It was at Palmyra, New York, that the principles of Mormonism were first enunciated by Joseph Smith, who claimed to have found the golden plates of the Book of Mormon in a hill-side in neighboring Manchester,—the “Hill of Cumorah,”—to which he was led by angels. The plates were written in characters similar to the masonic cabala, and he translated them by divine aid, giving to the world the result of his discovery. The Hebrew prophet Mormon was the alleged author of the record, and his son Moroni buried it. The basis of Mormonism was, however, an unpublished novel, called “The Manuscript Found,” that was read to Sidney Rigdon (afterwards a Mormon elder) by its author, a clergyman, and that formulated a creed for a hypothetical church. Smith had a slight local celebrity, for he and his father were operators with the divining-rod, and when he appropriated this creed a harmless and beneficent one, for polygamy was a later “inspiration” of Brigham Young—and began to preach it, in 1844, it gained many converts. His arrogation of the presidency of the “Church of Latter Day Saints” and other rash performances won for him the enmity of the Gentiles, who imprisoned and killed him at Carthage, Missouri, leaving Brigham Young to lead the people across the deserts to Salt Lake, where they prospered through thrift and industry.

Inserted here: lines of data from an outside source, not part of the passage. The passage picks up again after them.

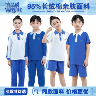 高级 中蓝白色套装 深圳校服小学生中学生凉感速干夏运短袖 T恤短裤
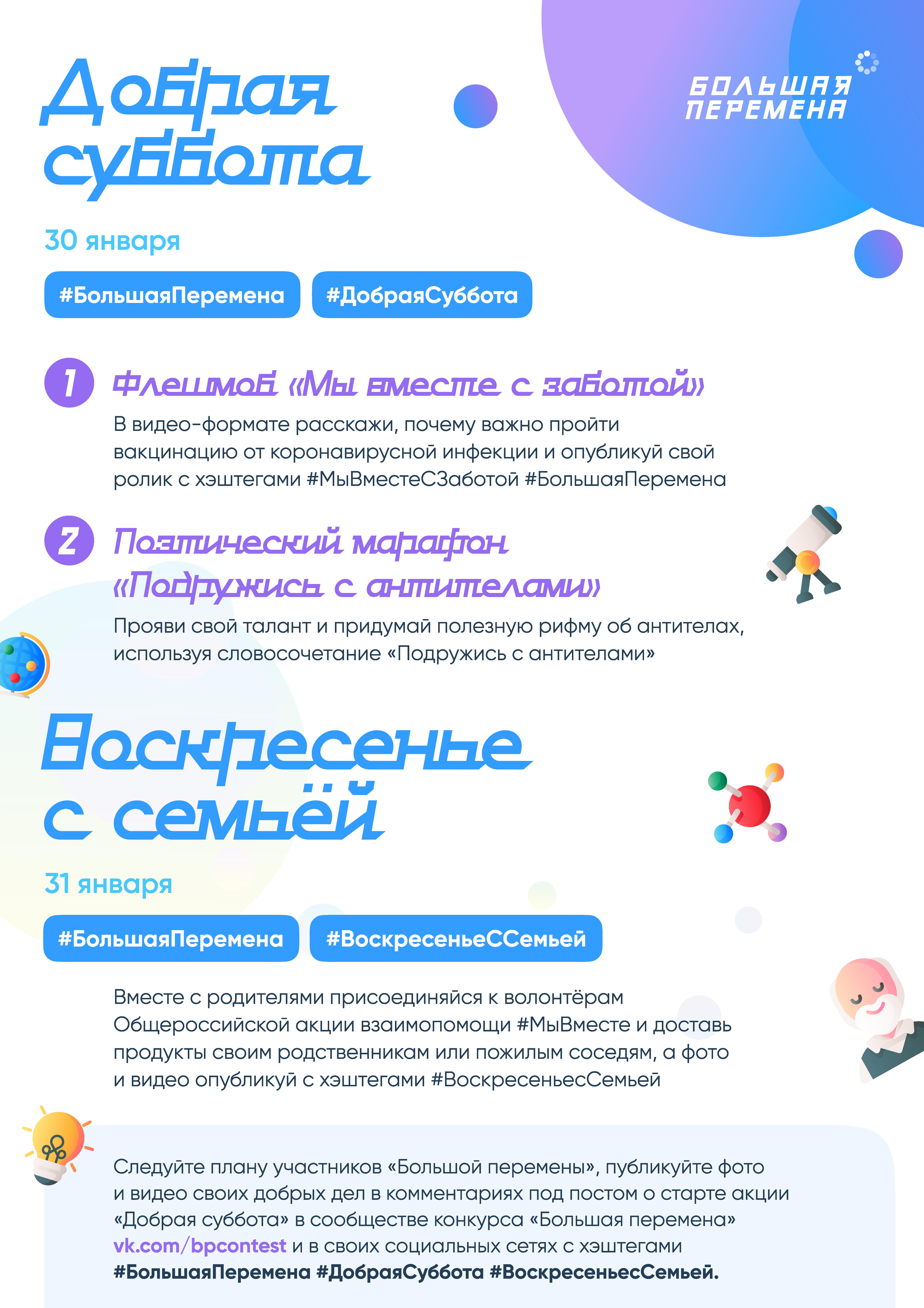 28.01.2021Участники Всероссийского конкурса для школьников «Большая перемена» – проекта президентской платформы «Россия – страна возможностей» – в рамках еженедельной акции «Добрая суббота» присоединятся к проекту Всероссийской акции взаимопомощи #МыВместе по информированию граждан о вакцинации от коронавирусной инфекции.
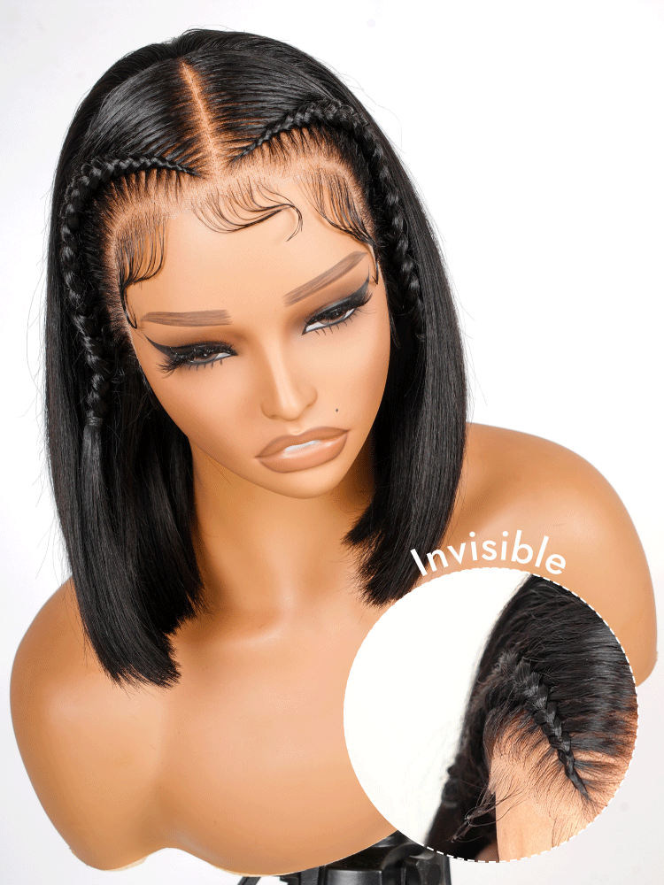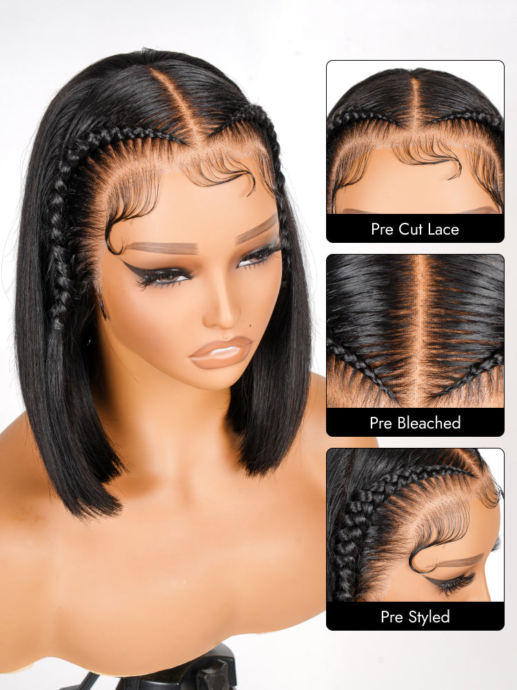Ready To Go Straight Blunt Cut Bob Wig 13x4 Front Wig With Braids In Front
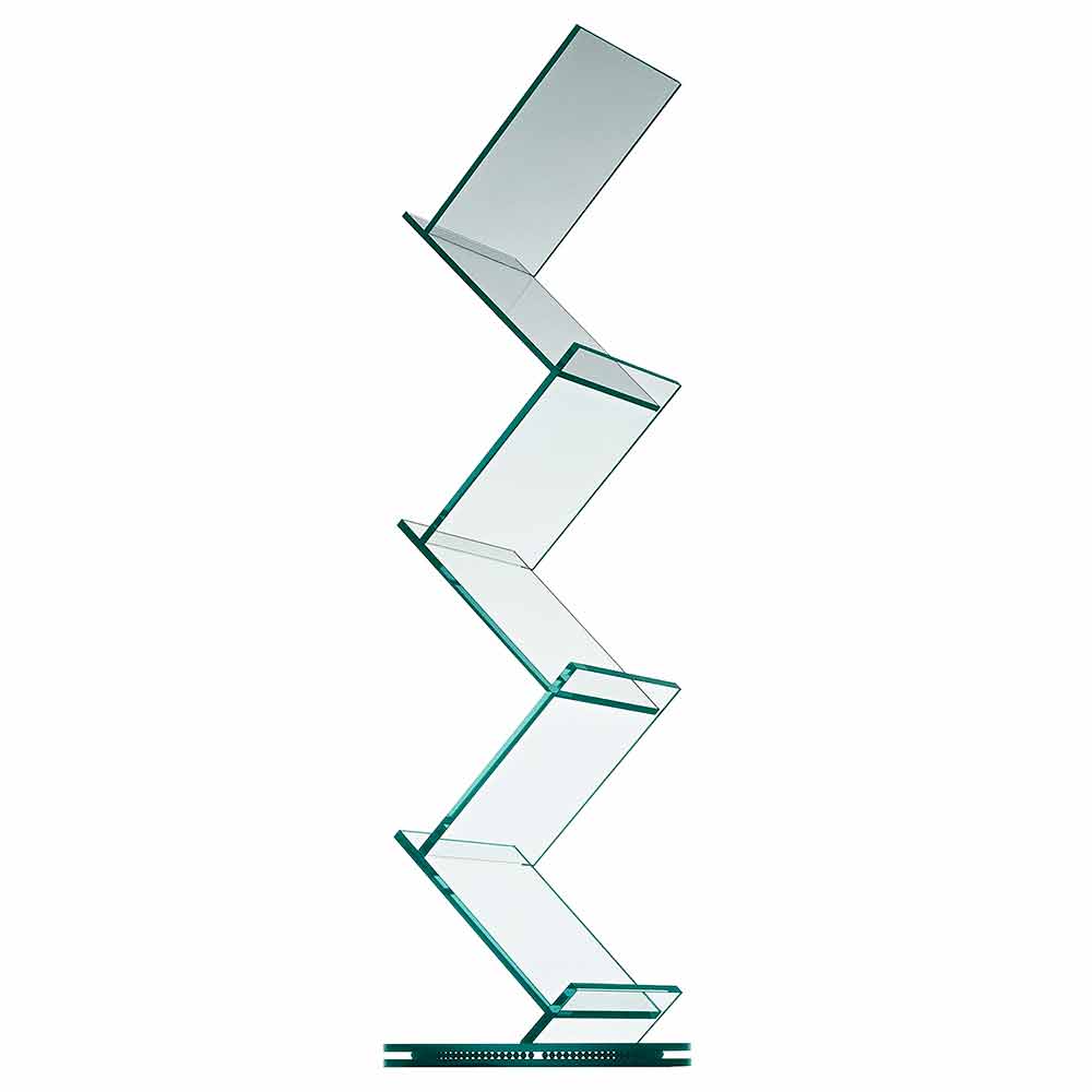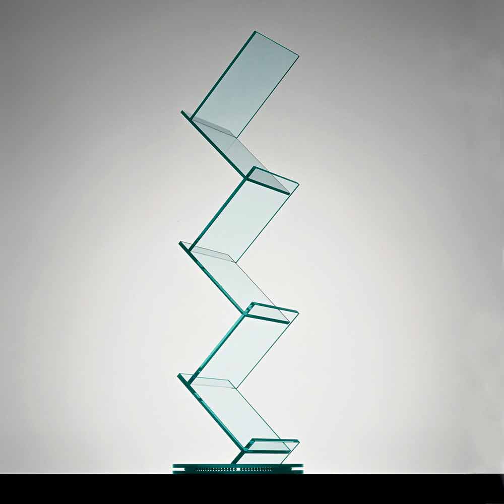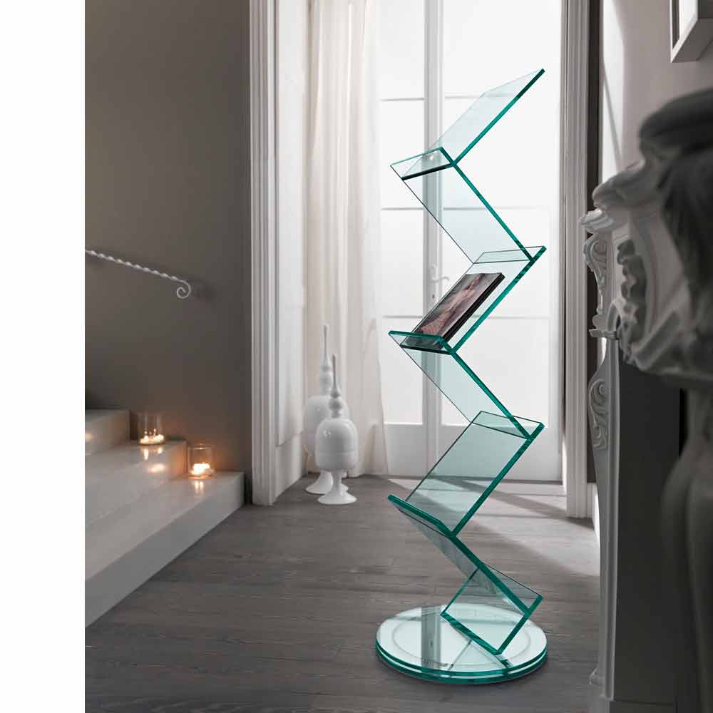 This magazine rack bookcase is characterized by its determined and elegant design entirely made of transparent glass.
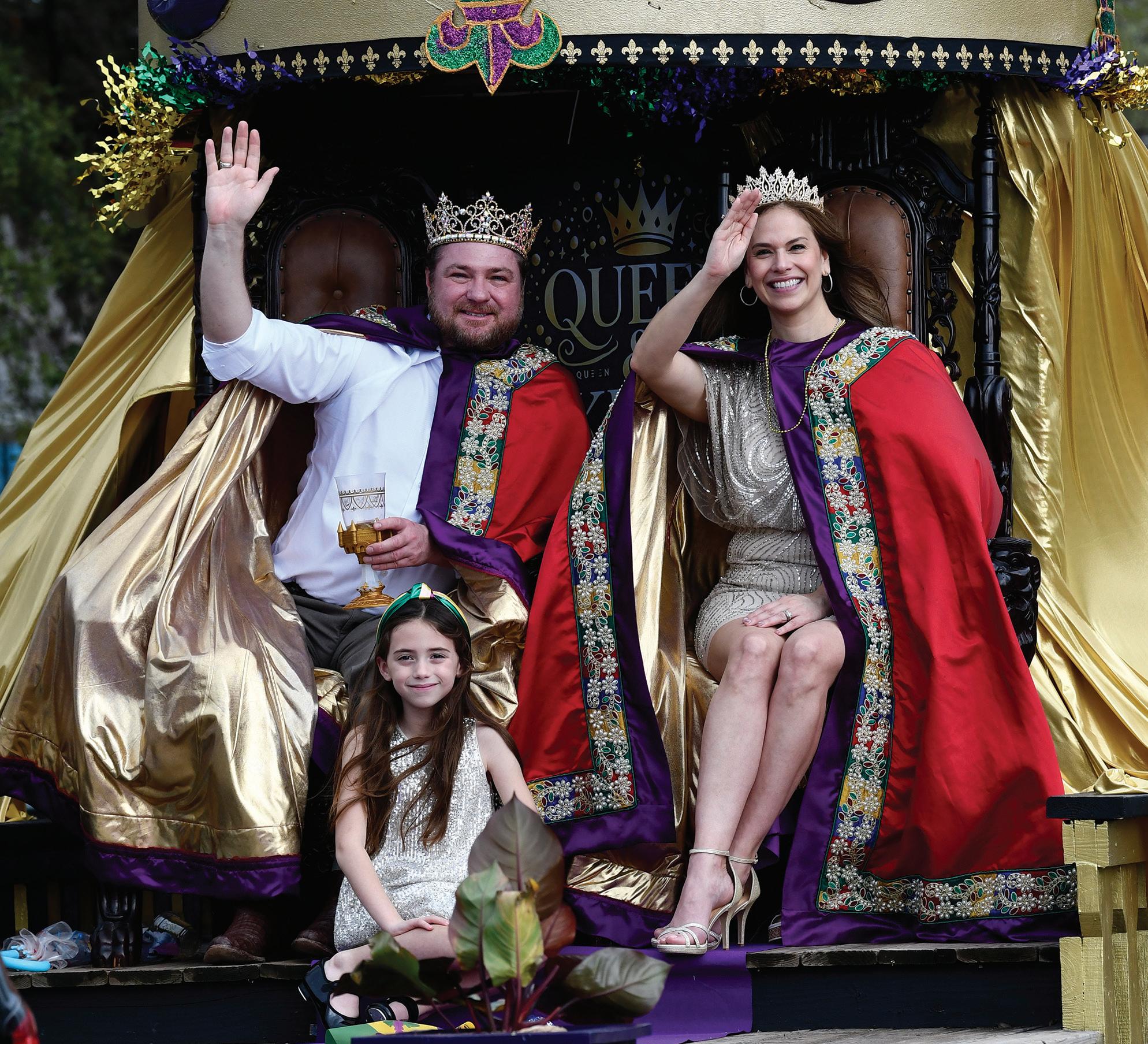 Mardi Gras King Jude Prather (left) and Queen Kathy MartinezPrather (right) ride with their daughter in the Annual Mistick Krewe of Okeanos San Marcos Mardi Gras Parade, Saturday, Feb. 14, 2026, in Downtown San Marcos. The Prathers were elected the 2026 King and Queen at the Twelfth Night Party.
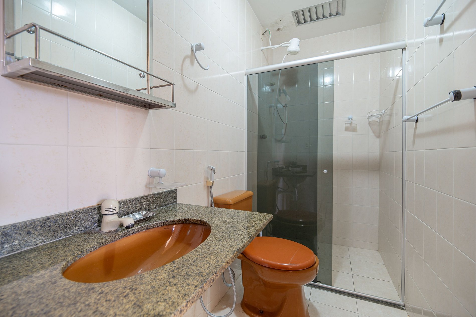 Além do banheiro das suítes o apartamento conta com 1 banheiro social com chuveiro;
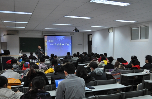 李教授也为大家讲解了一些投递简历、求职面试的技巧和方法,并且讲述了“舍得”的道理,告诉同学们应当“志存高远,脚踏实地”,用心感悟,用智慧处事,用信心和坚持去面对挫折。
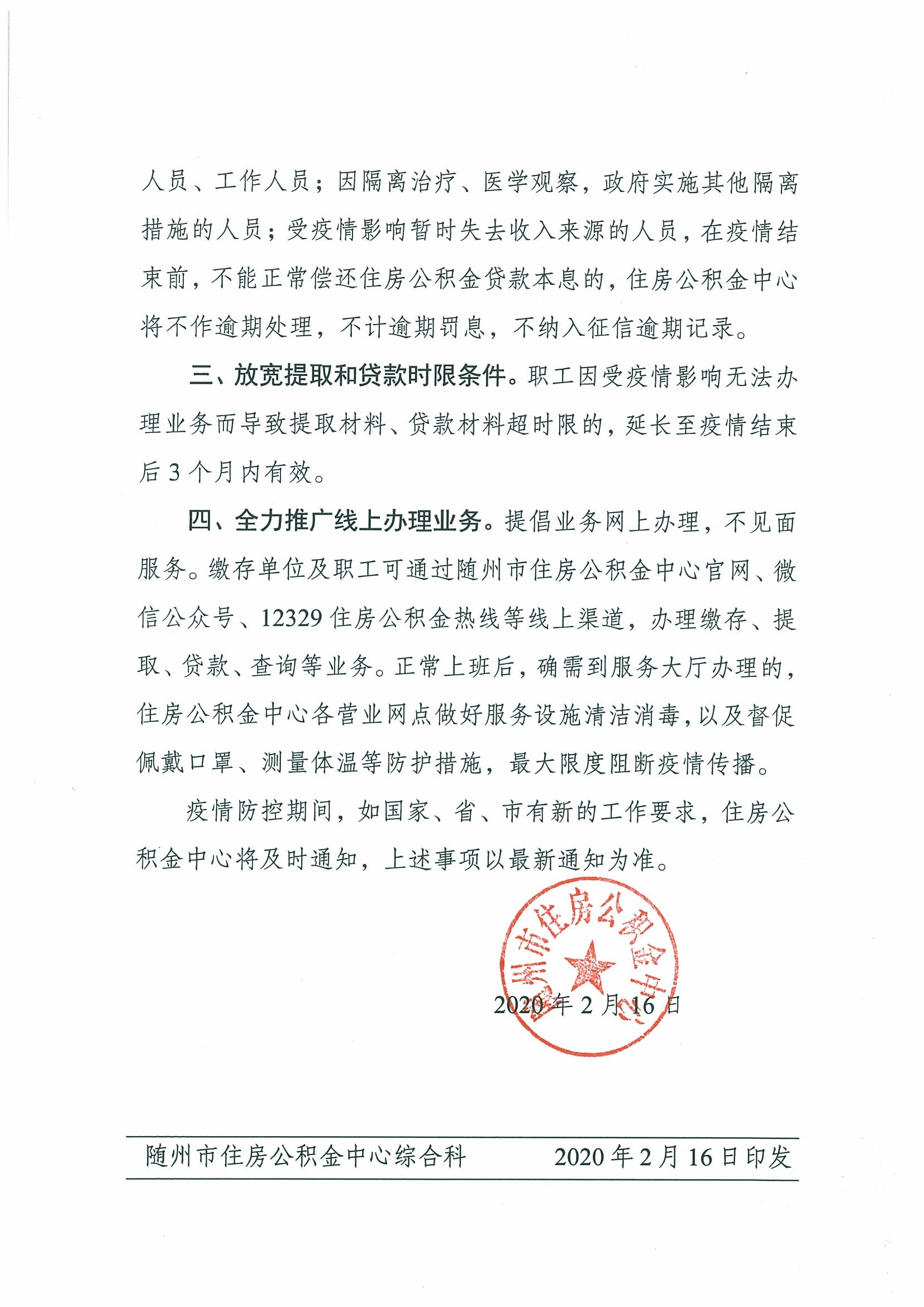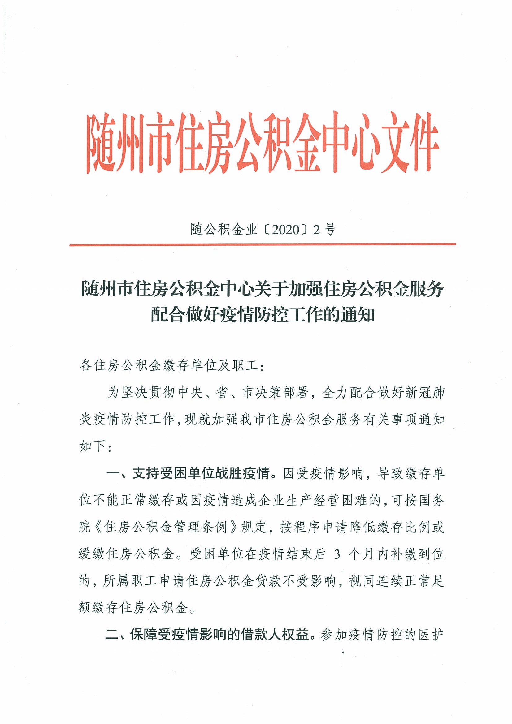 隨州市住房公積金中心關于加強住房公積金服務配合做好疫情防控工作的通知
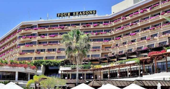 Hotel Four Seasons are 304 camere, dintre care 37 suite, incluzand Penthouse Suite, Family Suite, Family studio, camere cu vedere la mare sau interioara si de asemenea, Garden Studios rezervate doar pentru adulti. Toate camerele (renovate complet in 2005) sunt dotate cu bai luxoase, uscator de par, halate de baie, telefon, TV satelit, pay TV, play station, acces la internet, radio, mini bar, facilitati pentru prepararea cafelei si a ceaiului, sistem de monitorizare a bebelusilor, aer conditionat si balcon spatios.

It was claimed that in the van of this army, on the march to Utah, was often seen a venerable man with silver beard, who never spoke, but who would point the way whenever the pilgrims were faint or discouraged. When they reached the spot where the temple was afterwards built, he struck his staff into the earth and vanished.
At Hydesville, near Palmyra, spiritualism, as it is commonly called, came into being on March 31, 1849, when certain of the departed announced themselves by thumping on doors and tables in the house of the Fox family, the survivors of which confessed the fraud nearly forty years after. It is of interest to note that the ground whence these new religions sprang was peopled by the Onondagas, the sacerdotal class of the Algonquin tribe, who have preserved the ancient religious rites of that great family until this day.